Жак поменял позу; он наполовину спал. Он видел отца, которого наяву не видел никогда и даже не знал, какого он был роста: отец стоял на Бонской пристани среди эмигрантов, а рядом работали лебедки, выгружая жалкие пожитки, уцелевшие во время путешествия, и в толпе вспыхивали скандалы из-за потерянных вещей. Решительный, суровый, неразговорчивый, он стоял среди них – но разве не по той же дороге двинулся он сорок лет назад от Бона до Сольферино под таким же осенним небом?
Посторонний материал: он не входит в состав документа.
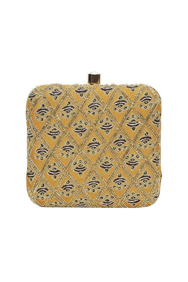 Art Silk Hand Work Mustard Color Beatific Clutch

Впрочем, у первых эмигрантов дороги не было, женщин и детей погрузили на обозные армейские повозки, мужчины шли пешком, напрямик, определяя направление на глаз, через болотистую равнину и колючие заросли, в сопровождении воющих кабильских собак, под враждебными взглядами арабов, державшихся поодаль, но не сводивших с них глаз на всем их пути, пока не добрались к концу дня до того самого места, что и впоследствии его отец, – до этой плоской, окруженной далекими холмами долины без всяких признаков жилья, без единого клочка возделанной земли, где стояла лишь горстка солдатских палаток землистого цвета и ничего вокруг, кроме голого безлюдного пространства, показавшегося им краем света, между пустынным небом и опасной [120] землей, и женщины расплакались в темноте от страха, усталости и разочарования.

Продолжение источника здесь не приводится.